I can only hope someone will be able to take this argument and formalise it more thoroughly in the same way that hofstadter's superrationality has been lifted up into FDT and stuff (does MIRI's family of decision theories have a name? Is it "LDTs"? I've been wanting to call them "reflective decision theories" (because they reflect each other, and they reflect upon themselves) but that seemed to be already in use. (Though, maybe we shouldn't let that stop us!))
Replies from: Gurkenglas↑ comment by Gurkenglas · 2019-08-20T22:19:04.751Z · LW(p) · GW(p)
I'd say that the only way to persuade someone using epistomology A of epistomology B is to show that A endorses B. Humans have a natural epistemology that can be idealized as a Bayesian prior of hypotheses being more or less plausible interacting with worldly observations. "The world runs on math." starts out with some plausibility, and then quickly drowns out its alternatives given the right evidence.
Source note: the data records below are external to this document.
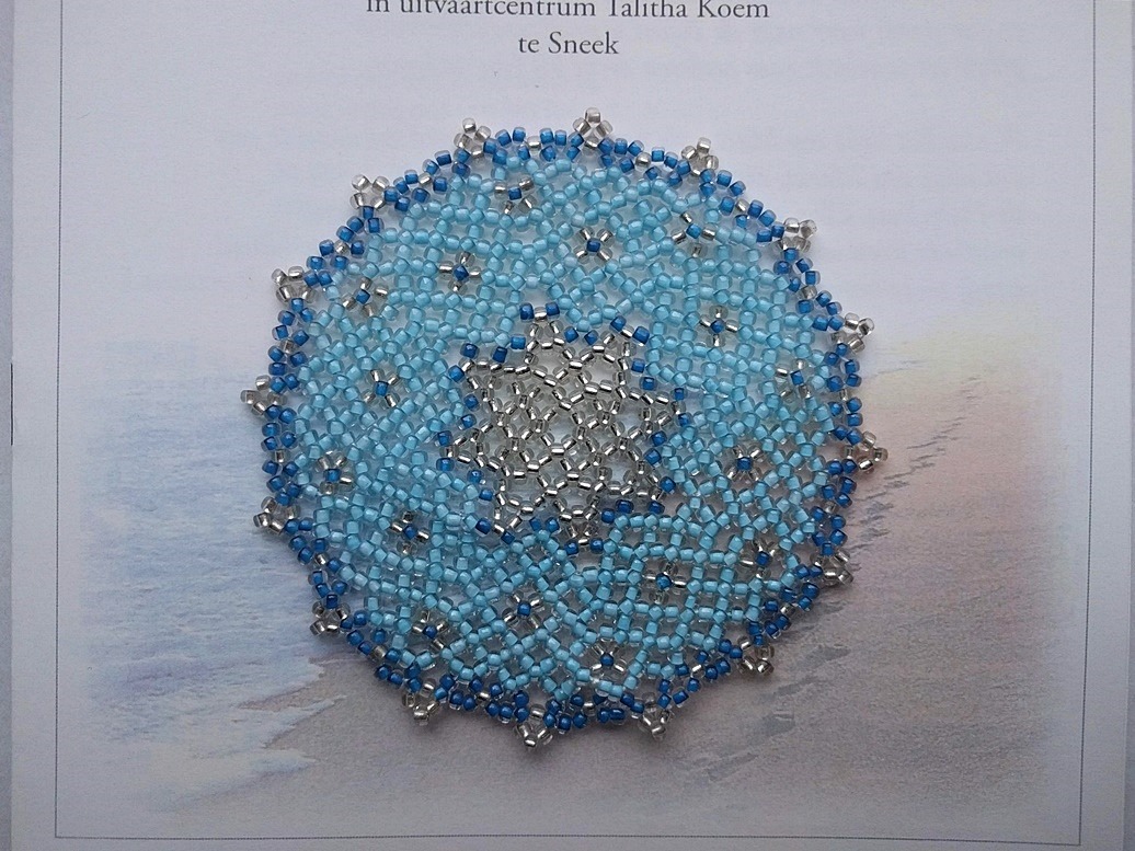 Een mooi kralenwerkje ligt hier ook nog naast me. Die had ik klaarliggen voor wat kralen-boeken straks. Zo is het ook wel mooi.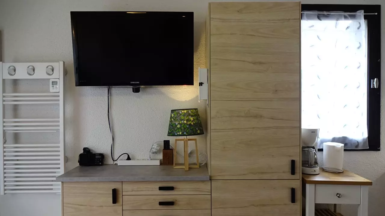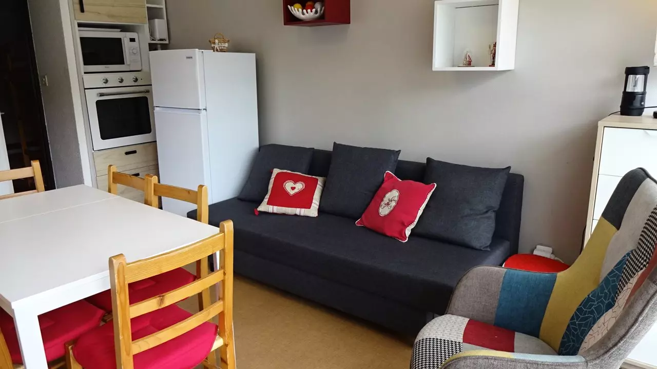 In the "PYRENE" residence in the village of VIELLE-AURE. Well-equipped 4/6 person apartment on the ground floor with an enclosed garden facing EAST with a beautiful view of the mountains, is composed of a living room, a kitchenette equipped with a fridge-freezer, induction hob, microwave and oven and a dishwasher, a bedroom with a 140 cm bed and a sleeping area between the living room and the bedroom with 2 bunk beds, shower room with a washing machine and separate toilet. Lino floor. Balcony. Ski locker. Outdoor parking.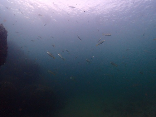 ヒカリウミウシ、マアジ群れ、アカエイ、オオアケウス?、アオリイカ、などなど

Getting to Solomonoff Induction is then just a matter of ruling out the alternatives, like a variant of Occam's razor which counts postulated entities. (That one is ruled out because is forbids postulating galaxies made of billions of stars.)
In the end, our posterior is still human-specializing-to-math-specializing-to-Solomonoff. If we find some way to interact with uncomputable entities, we will modify Solomonoff to not need to run on Turing machines. If we find that Archangel Uriel ported the universe to a more stable substrate than divine essence in 500 BC, we will continue to function with only slight existential distress.